Page 89 of His

Kat

At the end of the driveway, I caught the motion sensor. The iron gate rattled open in front of me. I stared out at the curving road.

I didn’t want to leave.

So ridiculous. Insane. But there was something at the back of my mind, something that was nagging at me. I didn’t know what it was.

The sound of a car engine came to my ears as though from a distance. I could hear it coming around a lower bend in the road. All I had to do was run out into the middle of the road, wave my arms. I was free. I could go home.

What was it he had said that troubled me so much?

The car’s engine grew louder, and I closed my eyes, my hands at my temples. Thinking back. He wanted to let me go. Surely he knew that I was going to go to the police. He hadn’t even asked me not to tell anyone.

Bored.

The car came around the bend, but I was already running back up toward the house, the troubled feeling in my mind coalescing into something as clear and bright as words on a page. I knew what he meant.

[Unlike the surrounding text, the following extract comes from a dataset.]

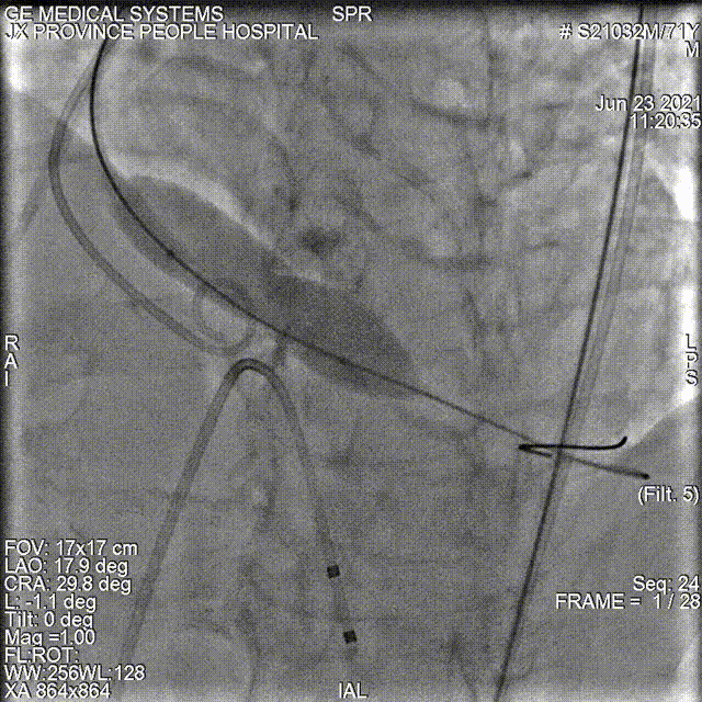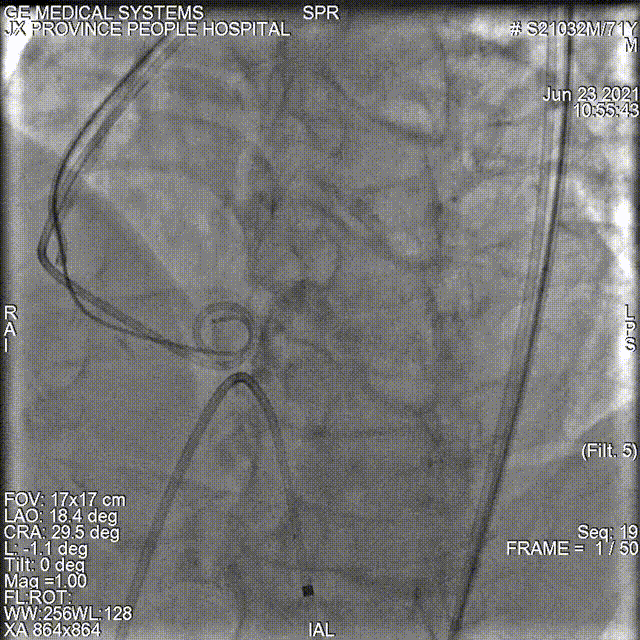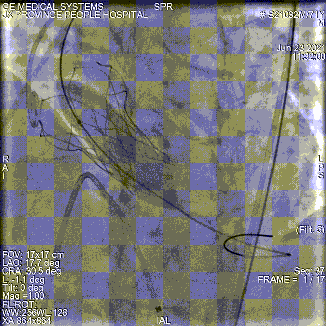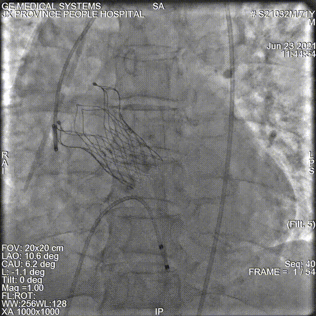2021年6月23日,江西省心血管病医院洪浪院长带领团队完成一例高难度Type0型二叶式主动脉瓣重度狭窄的TAVR操作。该患者为左室腔较小,术前无返流,循环崩溃风险高,极重度钙化,且有一狭长钙化延升至流出道,升主又有增宽,无疑增加了此次手术的操作难度和风险。

Bored—that was the reason I’d tried to commit suicide. That was what I’d told him.

I ran up the porch and banged on the door, the feeling of dread growing inside of me.

“Gav!” I shouted. “Gav! Let me in!”

The door knob rattled in my hand, but the deadbolt was secure.

“Gav!”

No response.

I went to the window, banging on the pane. I tried to look in, but the glare of the sun reflected off of the glass, and I could see nothing inside. I raised my hand to break the windowpane, and then hesitated. But only for a second.

What is he going to do, kill me?

Gav

The darkness descended, but this time it was not the darkness of my shadow. Shadows need light to exist, and where I was going there was nothing, nothing at all.

Around my neck I felt a strange tug and tension cutting off my blood. My heart pounded loud, drowning out everything. My body kicked once, then again, and I only sensed the body kicking, could not feel it myself. I was already drifting away into the darkness.

This was a dark like fog, so thick it slid over my skin. A soft, enveloping darkness. A peaceful void that I fell into knowingly, longing to lose myself. It was the same thing you sink into halfway on your way to sleep - an ether, thick and palpable. The murmuring fog cradled me, turning me in its arms.

My breath stopped. My lungs were empty. I was empty, blissfully empty. The sound of my heartbeat faded, slowed to a dull murmur. The shadow of a heartbeat.

The sound of the fog - lord, how can I describe it? Pick up a shell and hold it to your ear. It’s not the ocean you hear, but rather a reverberation of static noise. That was the sound of the fog, a low roar coming from nowhere and filling everything. It was a dull roar, a noise that tickled at my senses without letting me hear anything else. The sound came through my body and filled me, too, a peaceful static.

The noose tightened on my neck, but it didn’t hurt. Nothing hurt. I was weightless now, floating away into the dark fog, leaving my shadow and all shadows behind.

Kat

I broke through the window, stepping carefully inside so I wouldn’t cut myself.

“Gav!” I cried.

I checked the living room, the kitchen. He wasn’t there. I heard a noise from upstairs. The bedroom. I stumbled up the steps and raced down the hallway.

“Gav!”

I banged open the door and saw the rope, the chair, and his body, his beautiful body, hanging limp in the middle of the air. Like he was floating.